Soviet women under Stalin also became the first generation of women able to give birth in the safety of a hospital, with access to prenatal care. Education was also an example of an increase in standard of living after economic development. The generation born during Stalin's rule was the first near-universally literate generation. Engineers were sent abroad to learn industrial technology, and hundreds of foreign engineers were brought to Russia on contract. Transportation was also improved, as many new railways were built. Workers who exceeded their quotas, Stakhanovites, received many incentives for their work. They could thus afford to buy the goods that were mass-produced by the rapidly expanding soviet economy. The Soviet Union became the leading power.

 

Exercise № 73. Insert proper prepositions into the blanks.

 

Socialist competition was another form … appealing to workers' class feelings. Strenuous broadening and accelerating of socialist competition was declared. The grandiose plans were powerful stimuli … workers. Socialist competition was especially broad and multy-form since 1929.

In 1931 self-financing worker's squads began … replace communes and collectives with equalized distribution of wages. The self-financing squads made agreements with the administration that included mutual obligations of the sides. Individual payment was used, for economy of tools, raw material, and the squad received certain bonus money that was distributed … the team, considering a certain worker's qualification, quantity and quality … labor. The procedure of expelling of unsatisfactory members of the team was simplified.

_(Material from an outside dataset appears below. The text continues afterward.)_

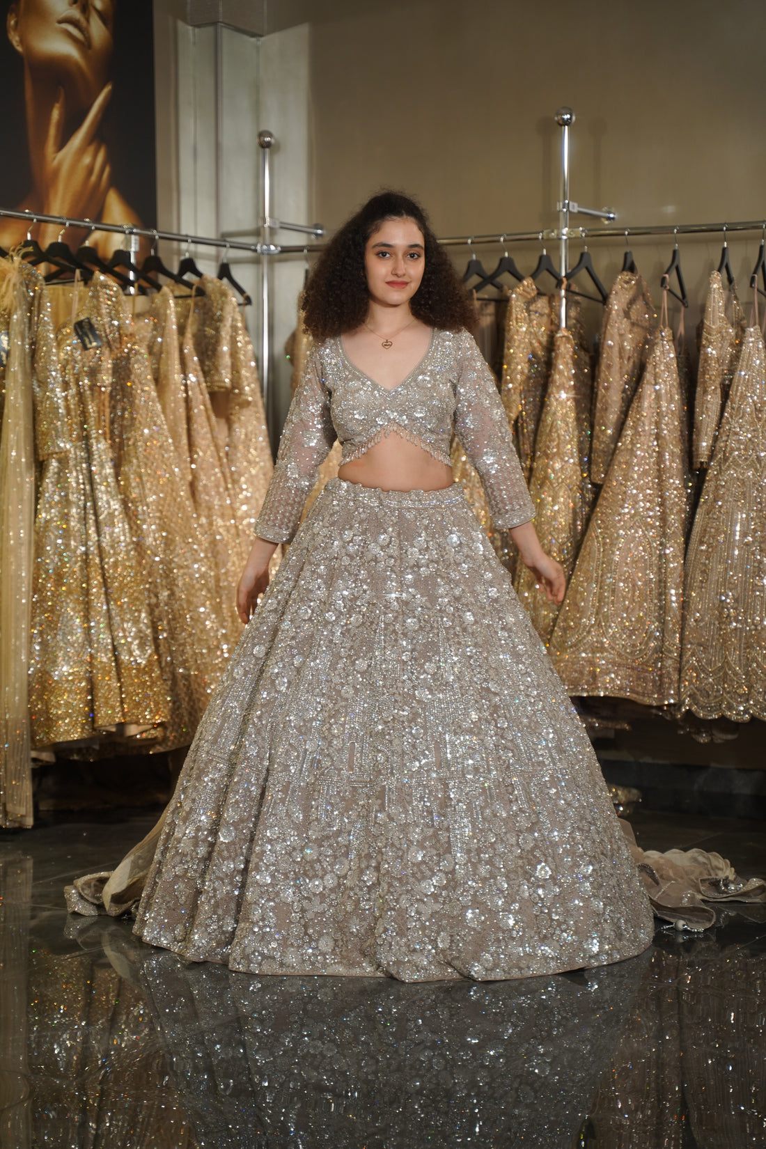 Platinum Silver Heavy Sequin & Crystal Embroidered Lehenga Set

Since 1935 Stakhanov movement became the main form of socialist competition (named after Aleksey Stakhanov, a coal-miner, who in August 31, 1935, with the help of two unskilled workers took 102 tons of coal, which was 14 times more as compared with the production task). On the base of Stakhanov's movement labor efficiency in heavy industry … 1936 increased 25.5% as compared … the previous year; production tasks were raised 35-45%.

In December of 1935 Plenum … the CPSU Central Committee decreed to make Stakhanov movement a movement … millions. Stakhanov shifts, days, decades, months were held, in which whole works, plants, production units participated. For the years of the second five-year plan, consumption of foodstuffs per capita began to increase. People could see that life grew better, that sacrifices were not in vain and that the Party began to settle the bills … the people's trust.